THE PROBLEM: Set down, word for word, each line from the top of the data through the line that has "3.3.2.1. Chỉ phải"; omit every picture.

Data entries:

----------------------------------------

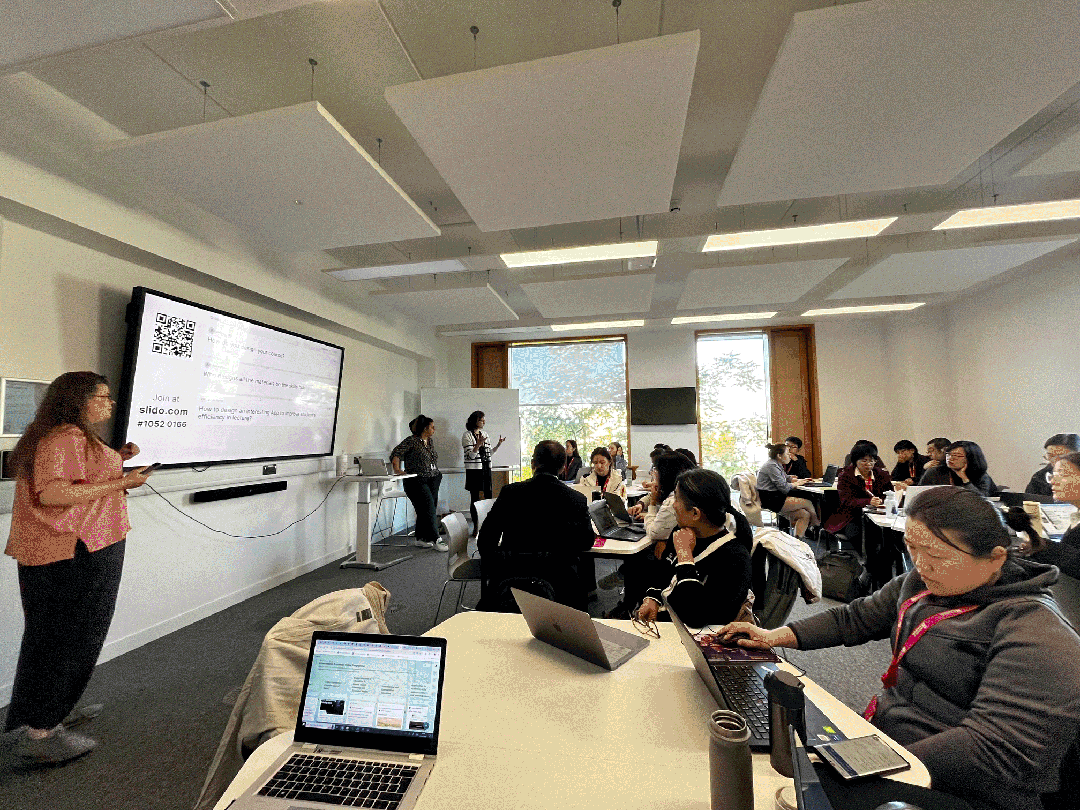 课程中的互动环节鼓励教师们分组探讨这些差异对教育模式的深远影响,并在小组报告中精彩呈现讨论成果,从而有效提升了教师们的学术研究能力与跨文化团队协作能力。
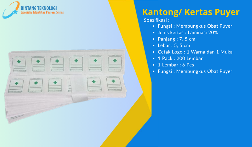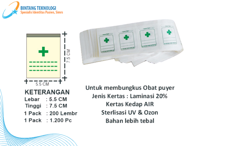Berfungsi untuk membungkus obat puyer, kertas puyer logo umum isi 1.200 pcs.
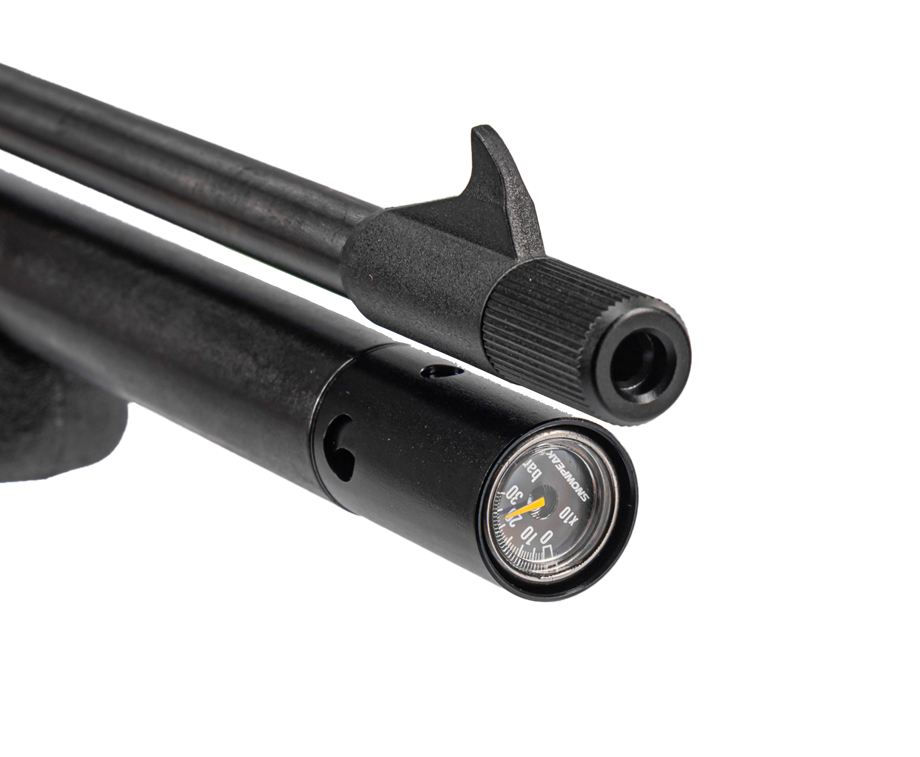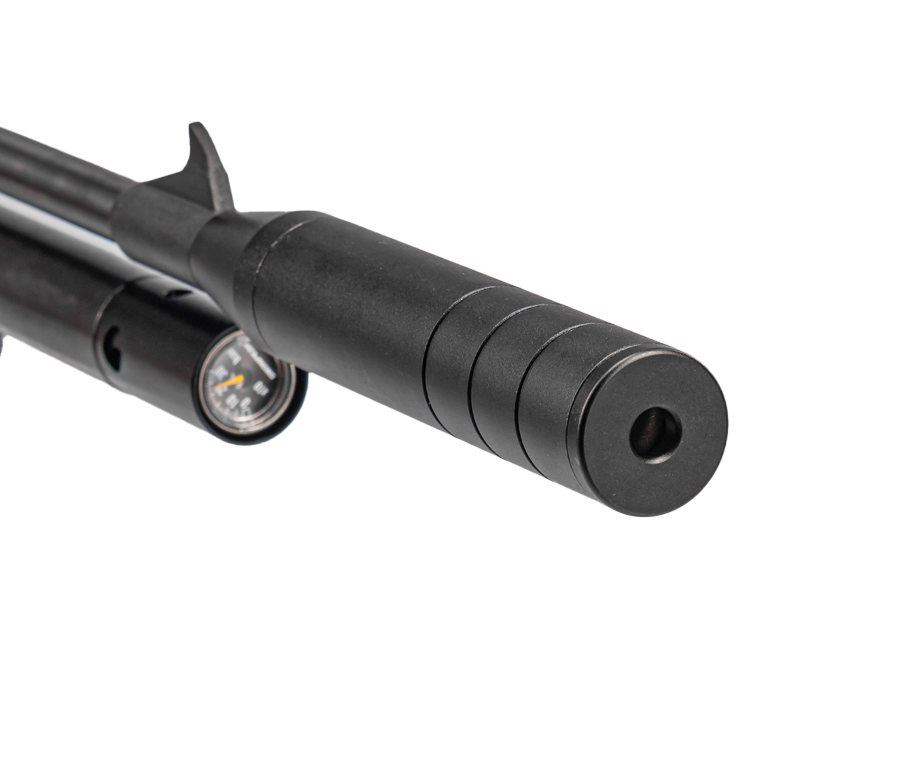 P08 - практичное и недорогое решение для обучения стрельбе и последующей практики. Образец питается от воздуха ВД, который потребуется закачать внутрь ресивера с помощью насоса, предусмотренного комплектом Hunter - заправку проводя посредством подключения шланга к порту через переходник. Пространства в ресивере хватает для содержания 100 куб. сантиметров воздуха, находящегося там под давлением не более 200 Бар - последнее получится отследить по манометру.
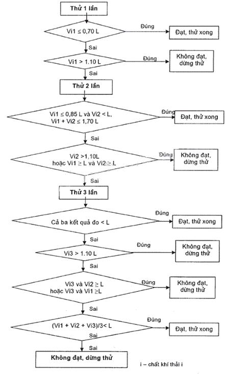 3.3.2.1. Chỉ phải thử một lần nếu các kết quả đo khí thải thỏa mãn yêu cầu sau: V1 ≤ 0,70 L;
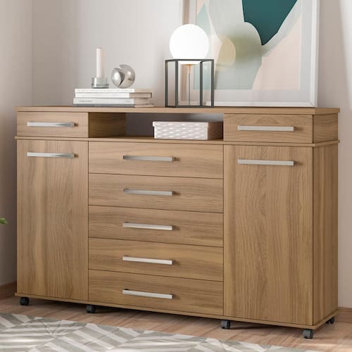 Cômoda robusta que oferece capacidade extrema de utilidade e organização devido ao grande número de gavetas e compartimento com portas sendo para sapatos e com bastão para cabides. Tampo reforçado de 25mm para TVs de maior dimensão e rodízios para a movimentação facilitada do móvel no ambiente. Para garantir a qualidade do produto dentro da embalagem, as caixas são revestidas por um plástico termoencolhível e todas as peças são separadas por isomanta, tudo para preservar e evitar o atrito entre as peças dentro da embalagem. Você contará também com um manual com o passo a passo para auxiliar no momento da sua montagem.
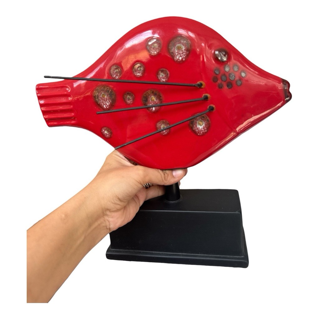 Vintage Mid Century Modern Red Ceramic Metal Fish Sculpture Modernist Studio
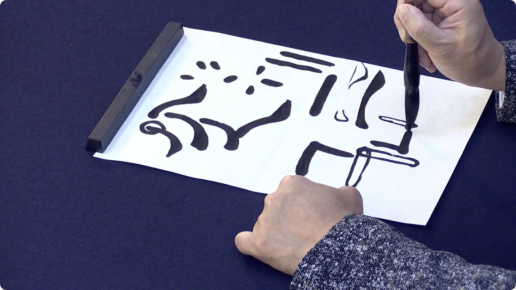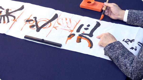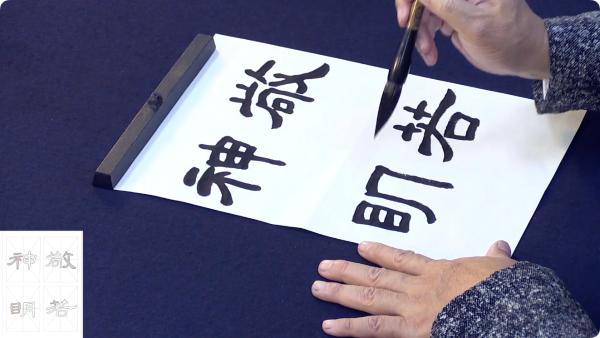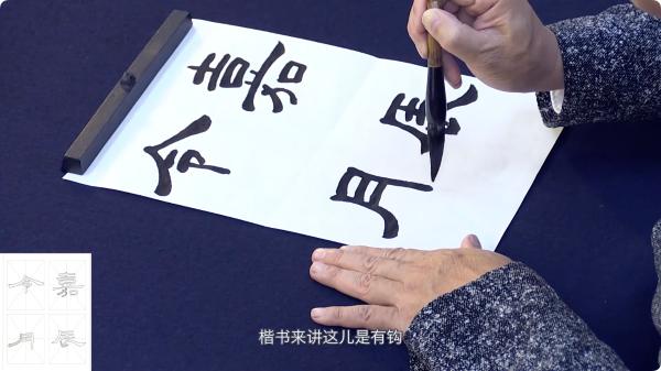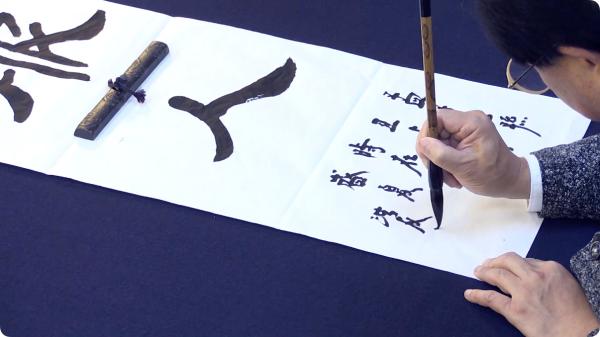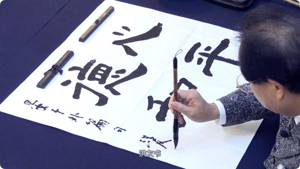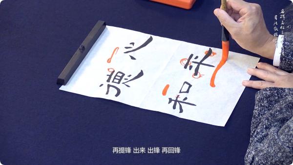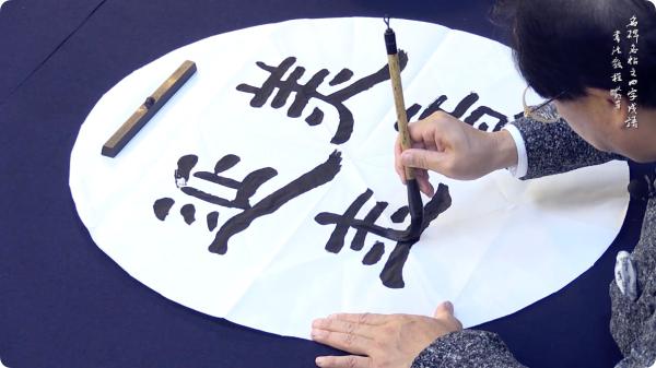 初步了解《曹全碑》以及艺术层面上的用笔、结字、章法的理论知识。教师用四字熟语示范点横竖等,解读它的用笔特点。接着,解读了《曹全碑》组成文字结构的要领,并用四字熟语来示范上下结构、左右结构等。然后,用大中小毛笔示范并解读《曹全碑》的章法学习,学习扇面、镜面、斗方、条幅的创作。最后,用大号和特大号笔来示范二八尺横批和四尺中堂。
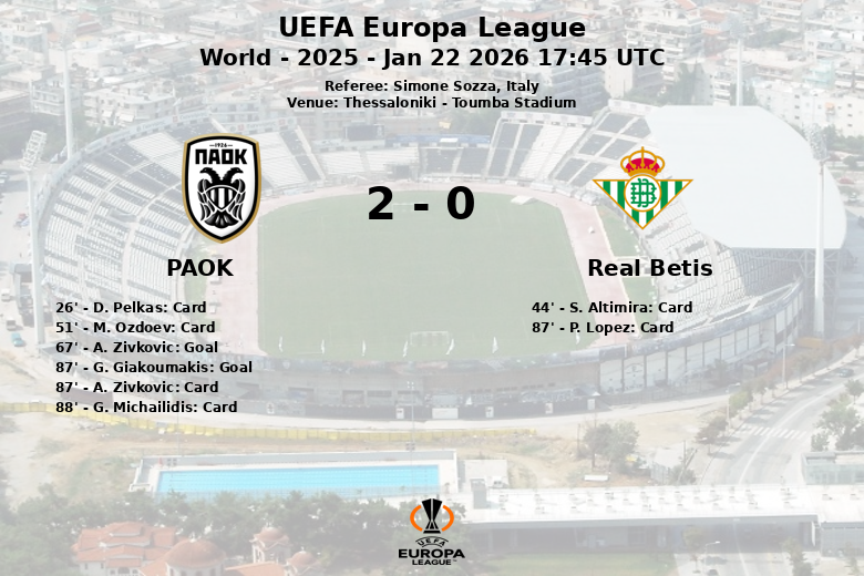 Dans un match disputé au stade Toumba de Thessalonique, le PAOK a remporté la victoire contre le Real Betis avec un score final de deux à zéro. Le match, comptant pour la phase de groupes de l’UEFA Europa League, a été marqué par l’intensité et les batailles au milieu de terrain.
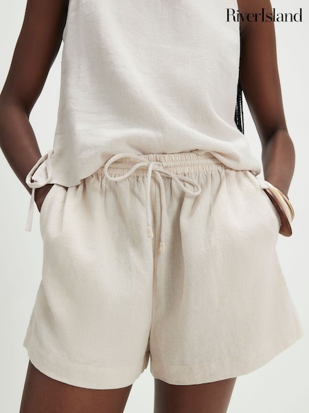 Roman Natural Petite Linen Mix Elastic Waist Shorts
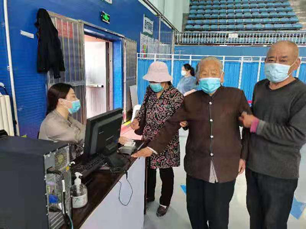 “最近有发热现象吗?”“以前有没有发生过疫苗严重过敏反应?”为保证安全有效接种疫苗,在检测区,医务人员对老人们的健康状况进行了详细询问,并讲解接种疫苗需要注意的事项。
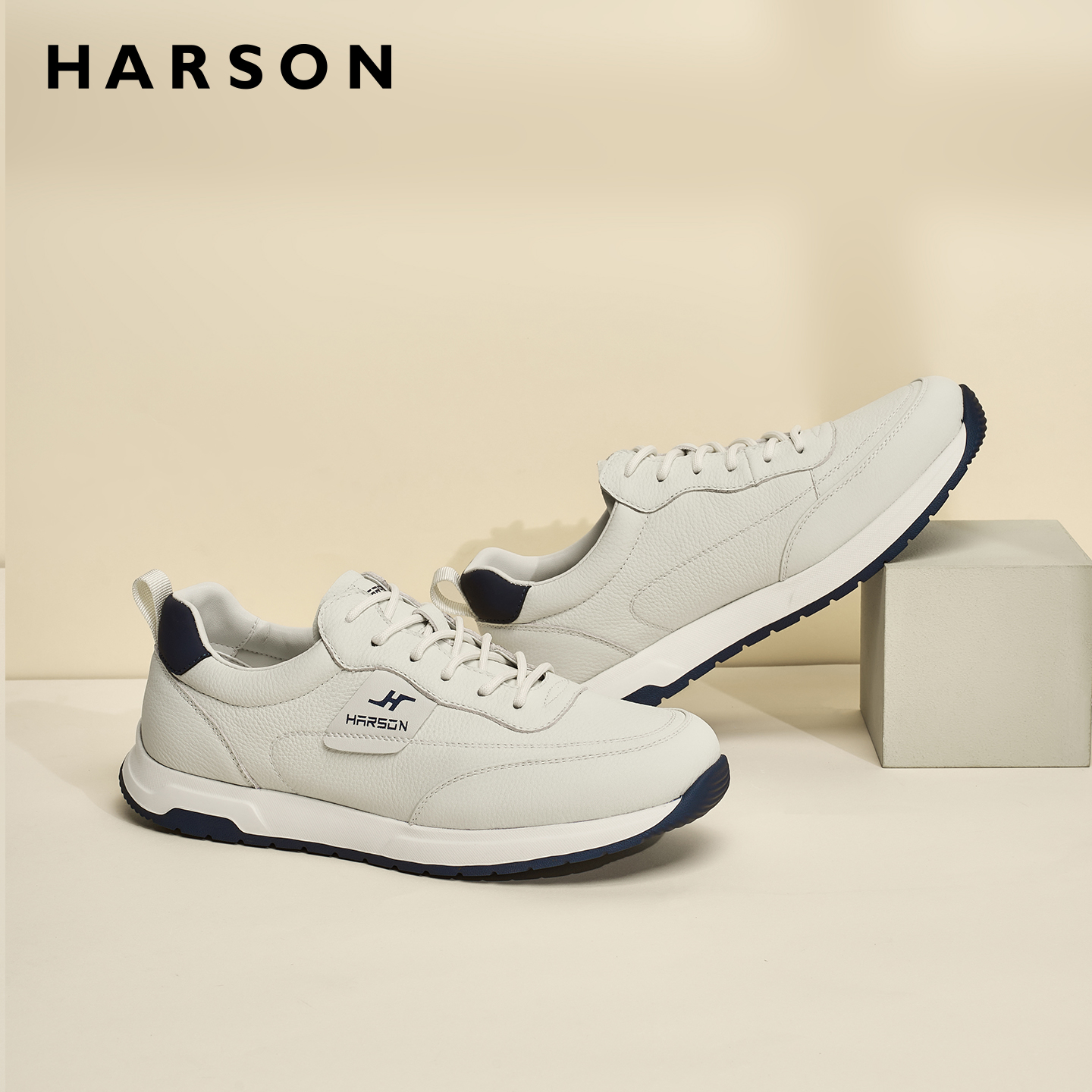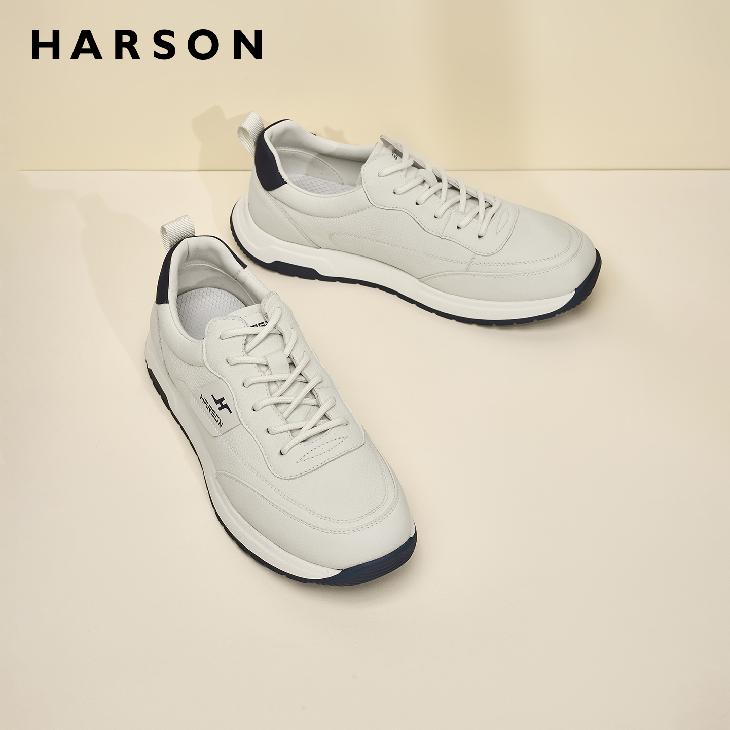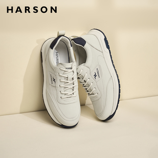 复古慢跑鞋 男款 轻便皮鞋 秋季 男 休闲鞋 新款 男士 哈森男鞋 阿甘小白鞋

----------------------------------------

THE COMPLETED TASK:
 课程中的互动环节鼓励教师们分组探讨这些差异对教育模式的深远影响,并在小组报告中精彩呈现讨论成果,从而有效提升了教师们的学术研究能力与跨文化团队协作能力。
Berfungsi untuk membungkus obat puyer, kertas puyer logo umum isi 1.200 pcs.
 P08 - практичное и недорогое решение для обучения стрельбе и последующей практики. Образец питается от воздуха ВД, который потребуется закачать внутрь ресивера с помощью насоса, предусмотренного комплектом Hunter - заправку проводя посредством подключения шланга к порту через переходник. Пространства в ресивере хватает для содержания 100 куб. сантиметров воздуха, находящегося там под давлением не более 200 Бар - последнее получится отследить по манометру.
 3.3.2.1. Chỉ phải thử một lần nếu các kết quả đo khí thải thỏa mãn yêu cầu sau: V1 ≤ 0,70 L;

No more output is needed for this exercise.